In summary, while global TB control faces significant challenges, such as funding gaps, the rise of DR-TB, and low treatment success rates, there are also notable opportunities. The stabilization of the epidemic provides a much-needed respite, but it is imperative to enhance control strategies, improve detection technologies and treatment levels, and increase investment and innovation to work together towards the goal of “ending the TB epidemic.”
CONCLUSIONS
The WHO Global Tuberculosis Report 2024 offers a nuanced and comprehensive assessment of the global fight against TB. While notable advances have been made in several areas, such as a slowdown in the annual increase of TB cases and a decline in TB-related deaths, the global community still faces significant challenges in achieving the ambitious milestones set by the End TB Strategy. This conclusion synthesizes the key takeaways from our interpretation of the report and underscores the critical actions required to accelerate progress towards ending the TB epidemic.
First, the high global TB burden, with 10.8 million new cases reported in 2023, highlights the urgent need for enhanced case detection and treatment. The slow progress in reducing the TB incidence and the number of TB deaths underscores the necessity for more effective and accessible diagnostic tools, as well as improved treatment regimens that are both shorter and less toxic.
Second, the issue of DR-TB remains a significant threat. There is a considerable gap between the number of new DR-TB cases and those receiving appropriate treatment. Although the success rate for treating DR-TB has improved, the overall number of cases continues to rise. This indicates the need for more robust surveillance systems, better access to quality-assured diagnostics, and the development of new drugs and treatment regimens.
Third, the funding shortfall for TB prevention, diagnosis, treatment, and research is alarming. The current level of financing is far from the global targets, hindering the development of new diagnostic methods, drugs, and vaccines. Increased domestic and international investment is imperative to meet the growing demand for TB services and to support research and innovation in TB control.

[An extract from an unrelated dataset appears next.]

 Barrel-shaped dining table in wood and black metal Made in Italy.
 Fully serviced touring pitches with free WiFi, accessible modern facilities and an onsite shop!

Moreover, the Global Tuberculosis Report 2024 emphasizes the importance of universal health coverage (UHC) in achieving the End TB Strategy’s targets. Progress towards UHC has stagnated in many regions and the financial burden of TB on affected households remains high. Strengthening health systems and ensuring that TB services are integrated into primary health care are essential steps towards achieving UHC and reducing the catastrophic costs associated with TB.

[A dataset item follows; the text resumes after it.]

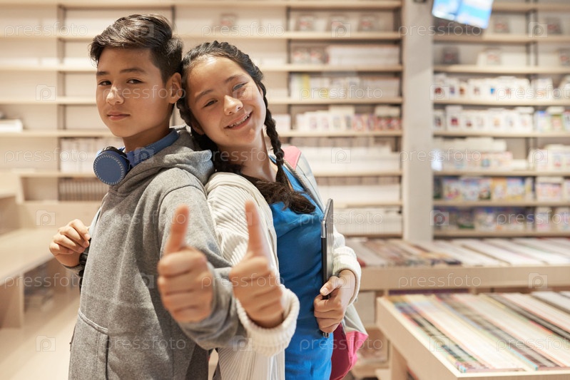 Учащиеся стоят в библиотеке с поднятыми большими пальцами

Additionally, the Global Tuberculosis Report 2024 discusses the significant impact of the COVID-19 pandemic on the global TB epidemic. After being overshadowed by COVID-19 for 3 years, TB is poised to regain its status as the leading cause of death from a single infectious disease globally by 2023. The pandemic has provided invaluable insights, emphasizing the need for resilient health systems, increased investment in research and innovation, and a holistic approach to addressing the social determinants of health.
Lastly, the report underscores the value of international cooperation and the role of the UNHLM on TB in setting new targets and mobilizing global action. The commitments made at these meetings must be translated into concrete actions, with a focus on preventing future pandemics and strengthening health systems’ capacity to respond to emerging threats.
In summary, the global fight against TB is at a critical juncture. The challenges are formidable but the opportunities for progress are significant. The global community must seize the moment by increasing investment, intensifying research and innovation, and implementing effective strategies to control and ultimately end the TB epidemic. The stakes are high, but with concerted effort and a renewed commitment to global health security, the goal of a world free from TB is within reach.